Rice is a staple of billions of people all over the world, and with rising costs in food, there has been a rising cost in rice.
Those people who rely on rice everyday for their diet, need to get rice, but as a Canadian, thousands of miles away, how can Layla and I help?
Thankfully, there is a site called FreeRice.com that will help us.

Through FreeRice.com, all you have to do is keep taking a vocabulary quiz. For every word you guess correctly, they will buy 20 grains of rice. You may think that is not much, but in just five minutes of doing the quiz, I had raised 720 grains of rice to be bought for those who cannot afford it by the site's sponsors. That amounts to about four bowls. Now, when you factor in all the other people using this site, you have a lot of rice. In fact, as of right now, the site has bought 38,979,346,150 grains of rice. If the average bowl of rice has 100 grains in it, that means the site has donated 389,793,462 bowls of rice. If someone eats three bowls a day, that is enough to feed one person for 129,931,153 days, or 35,000 years, give or take a decade. That is a lot of rice and that has all been raised since October of 2007. It is pretty amazing, and all it takes is you going there and spending five minutes to do a vocabulary quiz. You play the game and raise the rice, sponsors buy the rice and those who need the rice get it.
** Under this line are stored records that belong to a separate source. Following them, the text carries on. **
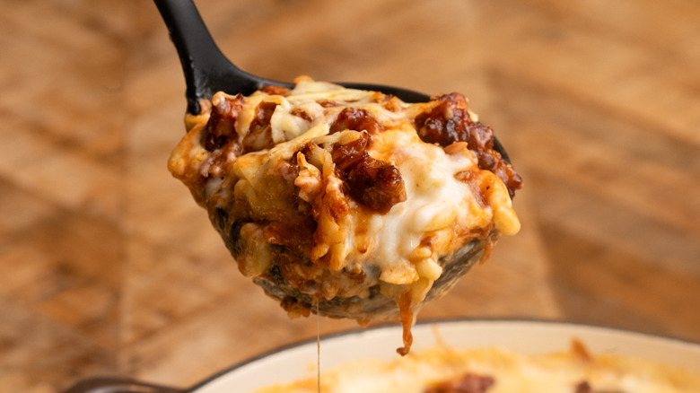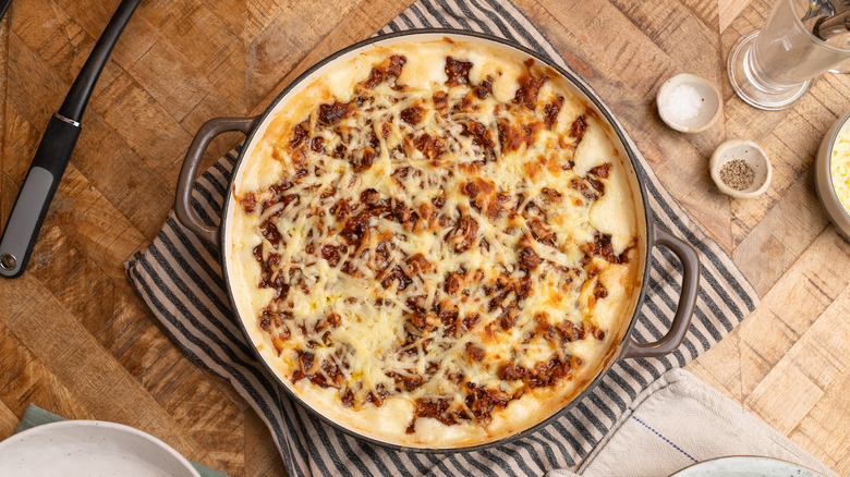 This BBQ pulled pork mac and cheese recipe from the kitchen of recipe developer Jennine Rye takes possibly two of the best dishes known to man — mac and cheese and barbecue pulled pork — and combines them into the ultimate dinnertime feast. The mac and cheese is made using a three cheese combination of cheddar, Gruyère, and mozzarella for a rich, sharp, ultra-stringy, and oozy sauce. To keep things simple, ready-made pulled pork is combined with barbecue sauce and then spread on top of the creamy, cheesy pasta before being baked in the oven until golden and bubbling. Guaranteed to be your new favorite mac and cheese, read on to find out how to whip up this BBQ pulled pork mac and cheese.
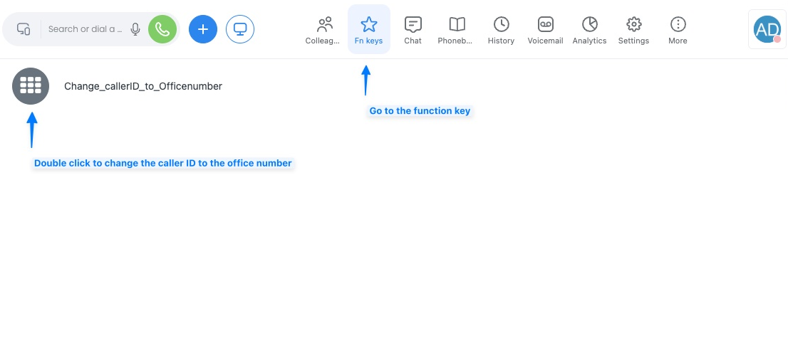 - If your administrator has set up a switch to toggle between outbound numbers, the switch button is located under the function keys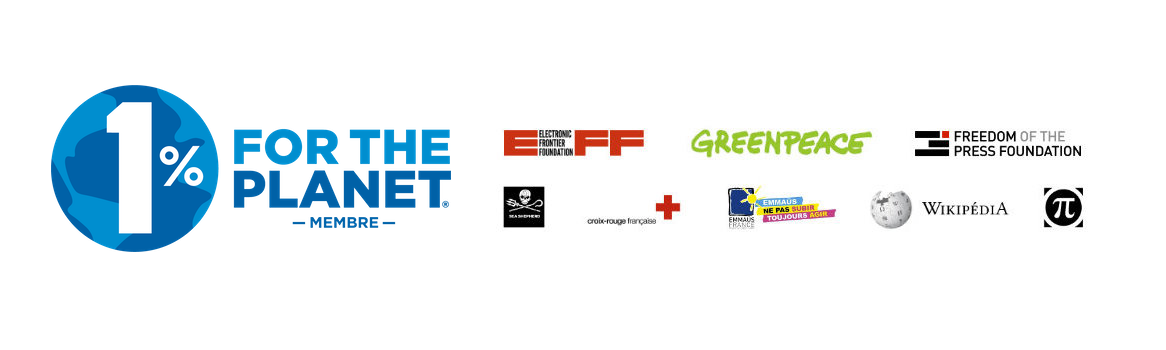 Afin de concrétiser nos engagements et les mutualiser avec d’autres initiatives nous participons au collectif 1% pour la planète en reversant 1% de notre chiffre d’affaire pour différentes associations impliquées dans la sauvegarde de notre environnement et la lutte contre le réchauffement climatique.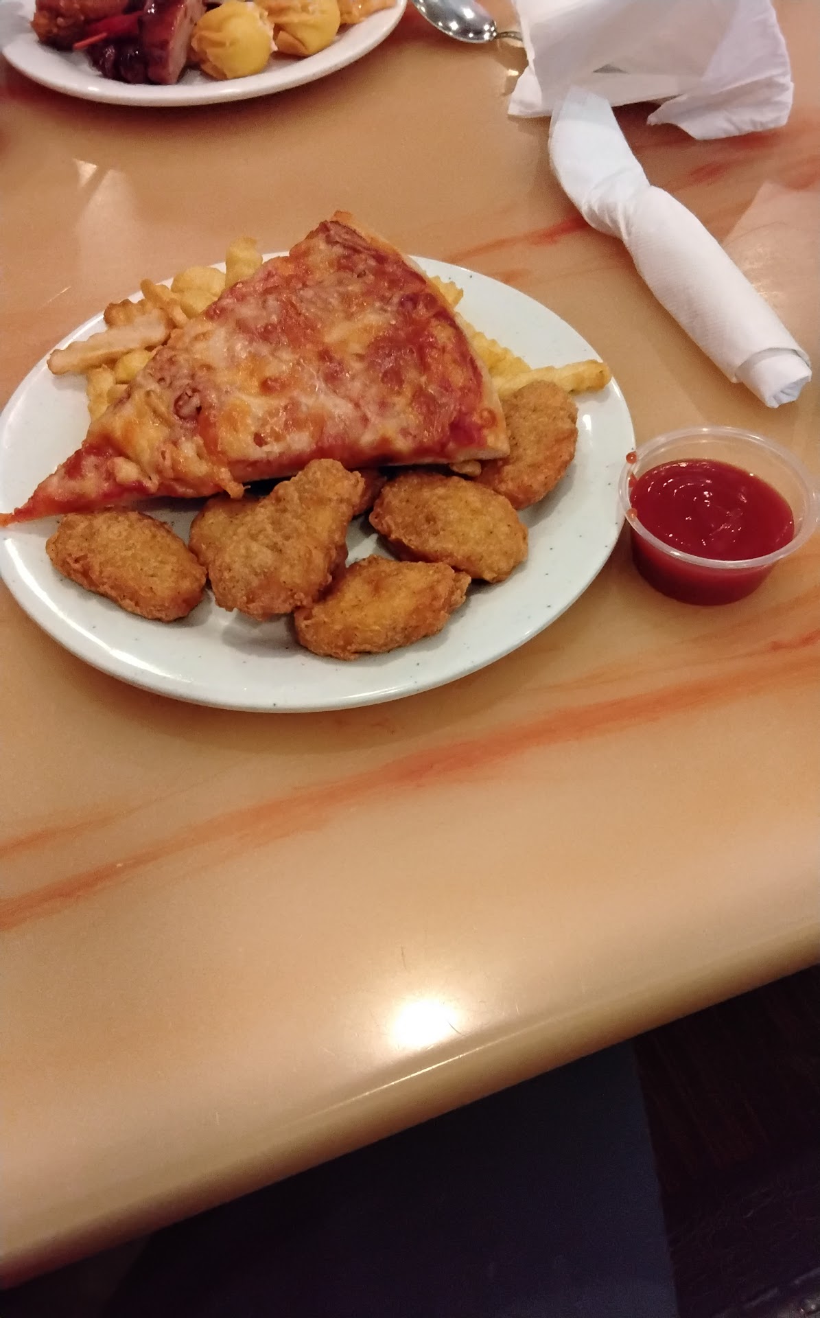 Aside from the hot Tea. . . Oh! And also, if you happen to go on a day and at a time when it is crazy packed and busy, and there are a swarm of families with kids, there, who are noisy, messy at the buffet, and have no table manners nor social etticate (but that applies at EVERY restaurant) then, I give this place gets a thumbs up (several of my friends and relatives do, too).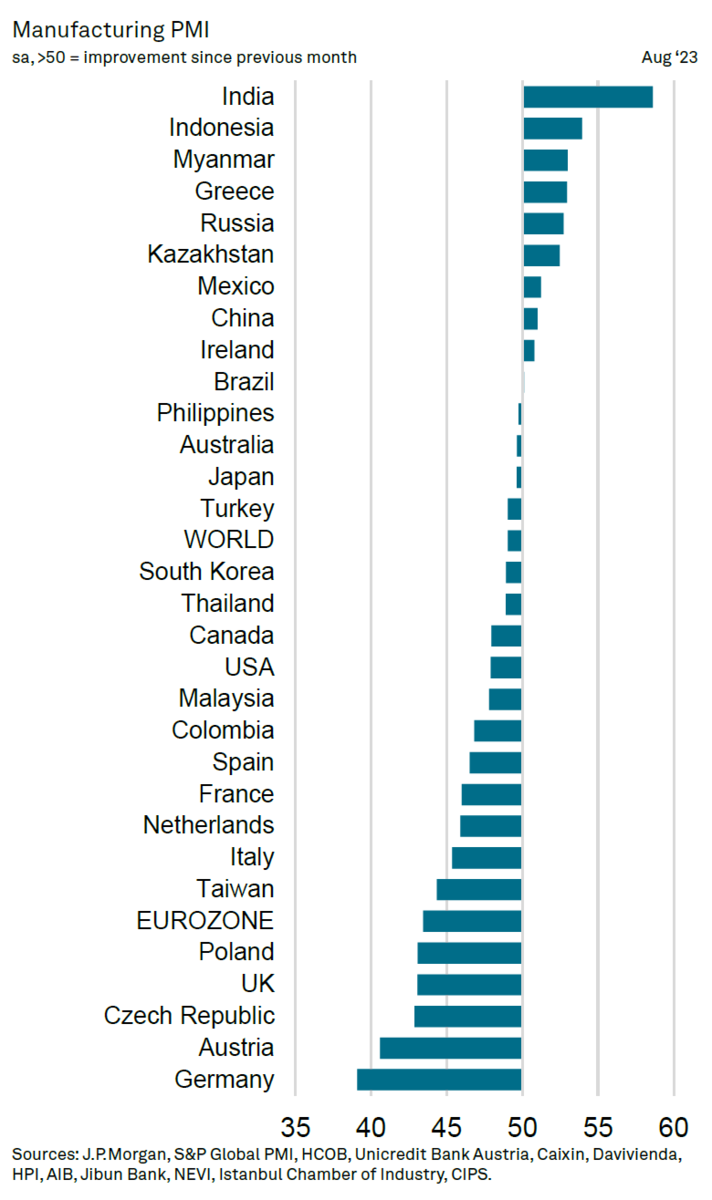 Cреди стран, где индекс выше 50 пунктов (= растёт деловая активность в промышленности) преобладают так называемые “страны с развивающимися рынками” (Индия, Индонезия, Россия, Китай, Казахстан).

So far, the rice has fed 27,000 refugees from Myanmar in Bangladesh for two weeks. In Cambodia, it provided enough take-home rations to last 13,500 pregnant women two months. In Uganda, it fed 66,000 school children for a week. In Nepal, it fed over 108,000 Bhutanese refugees for three days. in Bhutan, it fed 41,000 children for three days and in Myanmar, it fed 750,000 people for three days after the killer cyclone.

So, for our 84th day we will start taking five minutes every now and then to raise rice for those who need it.